Thankfully, I can often dodge the ‘science’ part by saying that I study ‘environmental politics’. Those with a strong interest in academic taxonomy will sometimes persist in questioning until I name a discipline that is formally recognized at this institution, but most people seem content to accept ‘environmental politics’ as a field of study.

There is science involved in this area of research, certainly, but it pertains mostly to how the physical world responds to human choices, not to attempts to understand human interaction and institutions numerically. The interaction between carbon dioxide and electromagnetic radiation can be well-explained mathematically – the relationship between what scientists know and how governments behave, much less so.

Massey College at the end of summer

Massey College is full of luxurious silence. At night, it is usually only possible to hear the water flowing into the pond in the main quad and the chirp of a few insects. The contrast with a room overlooking College Street is excessive, and the new transition has been a reminder of how important a home’s acoustic surroundings are for determining how pleasant or unpleasant it is to occupy.

We will see if the place becomes less tranquil as more of the junior fellows move in. For now, I am enjoying the ease with which I can pretend I am in rural Vermont, rather than the middle of Canada’s most sprawling metropolis.

It’s also remarkable to be living in a building designed by a single person (and a British Columbian) with the clear purpose of serving as a home for a group of young scholars.
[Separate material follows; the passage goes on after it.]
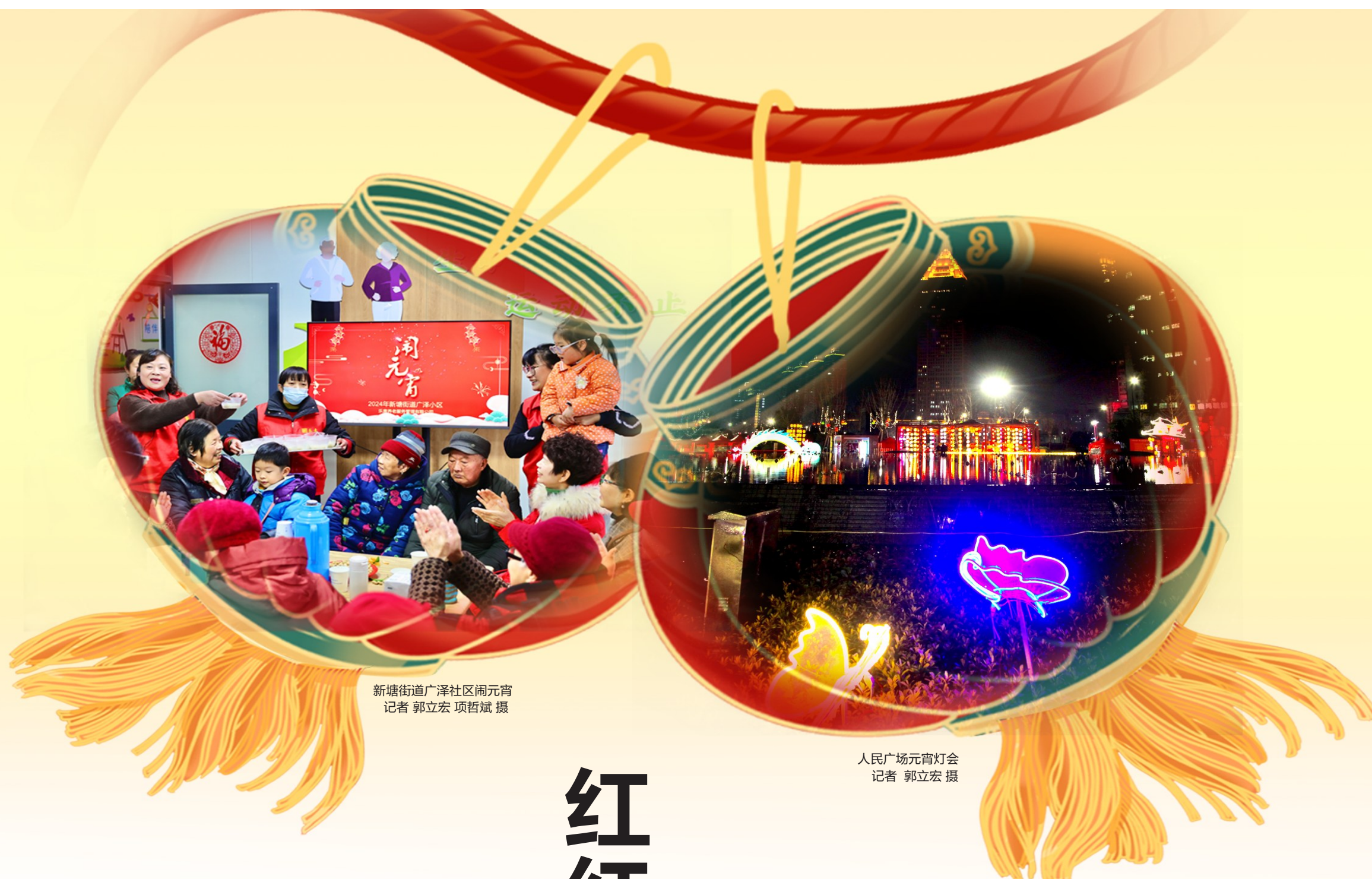
新塘街道广泽社区闹元宵

Some of this is revealed in tiny details, like how the desk chairs in the studies tuck elegantly against the side of the desk, or how the lamp behind the bed is designed to be easily turned on or off by a person reading. To get myself thinking about communal and intentional forms of living, I have been reading the Rule of Saint Benedict. It contains some good advice for people and communities in general, though I am glad not to be living in a place where supreme obedience to an abbot and scripture is a central part of life. Rather, the main aim will be to devote myself to scholarly work – research and writing.